Copy out all of the data word for word. Omit every picture.

[SUPPLIED DATA Boundary: Start]

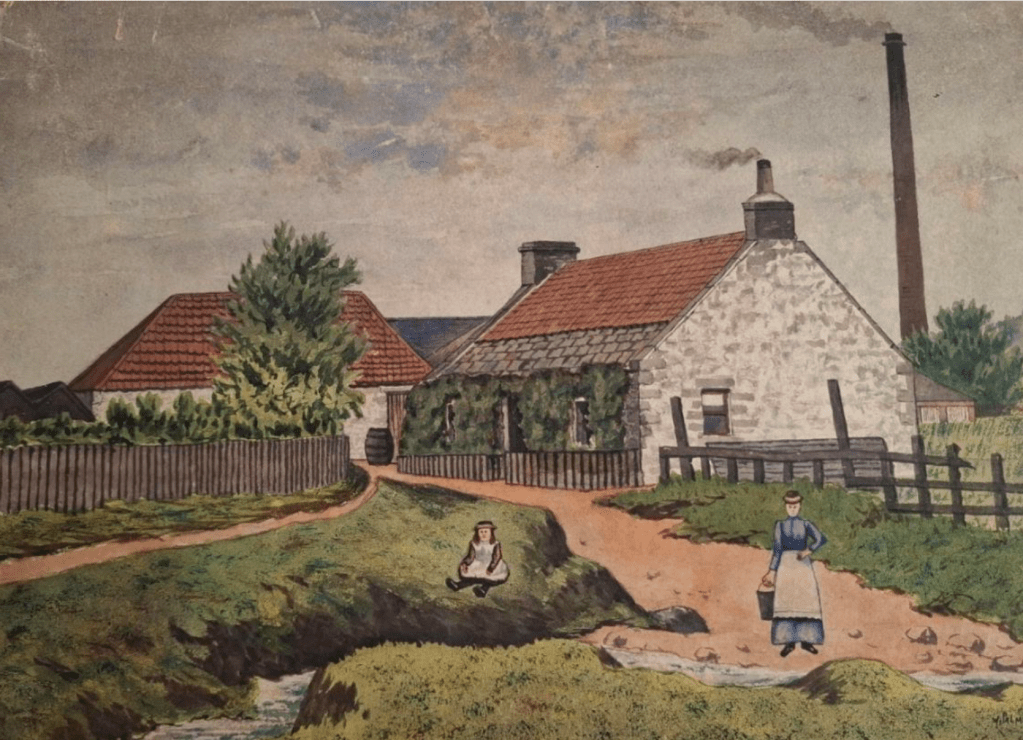 1893 painting of the Canniepairt farmhouse and steading by V.Palmer
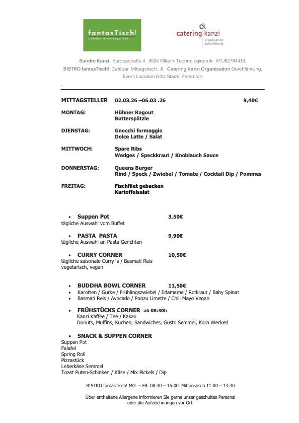 Das Restaurant FantasTisch hat unter der Woche von 9:00 bis 15:00 Uhr geöffnet, die wöchentlich wechselnden Mittagsmenüs gibt es ebenfalls von Montag bis Freitag in der Zeit von 11:00 bis 13:30 Uhr.
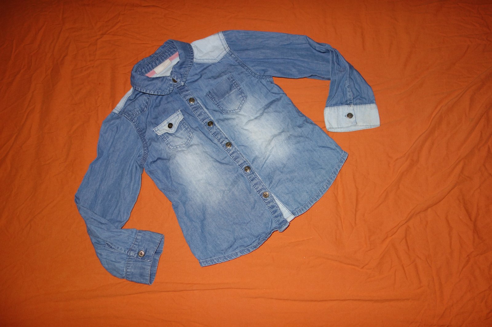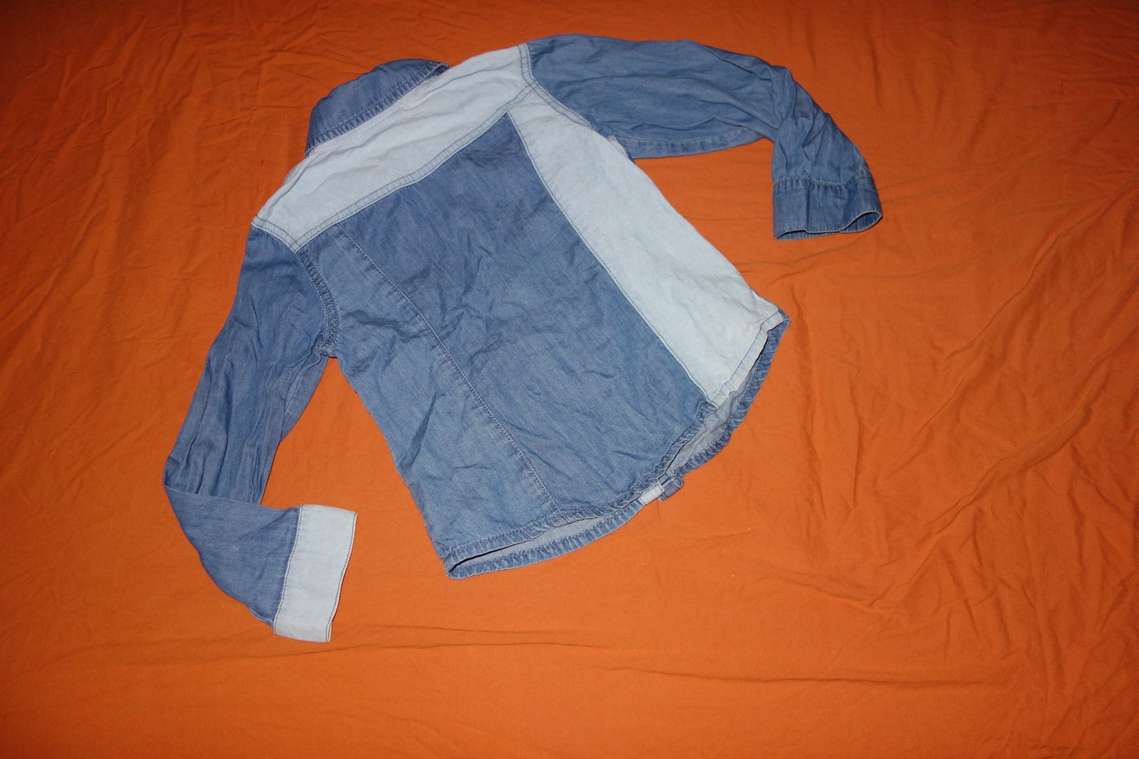 Pekna kosielka z makkej riflovinky vo velmi dobrom stave, avsak ma na sebe niekolko slabych fliacikov.

[SUPPLIED DATA Boundary: End]

__ANSWER SECTION__
 1893 painting of the Canniepairt farmhouse and steading by V.Palmer
 Das Restaurant FantasTisch hat unter der Woche von 9:00 bis 15:00 Uhr geöffnet, die wöchentlich wechselnden Mittagsmenüs gibt es ebenfalls von Montag bis Freitag in der Zeit von 11:00 bis 13:30 Uhr.
 Pekna kosielka z makkej riflovinky vo velmi dobrom stave, avsak ma na sebe niekolko slabych fliacikov.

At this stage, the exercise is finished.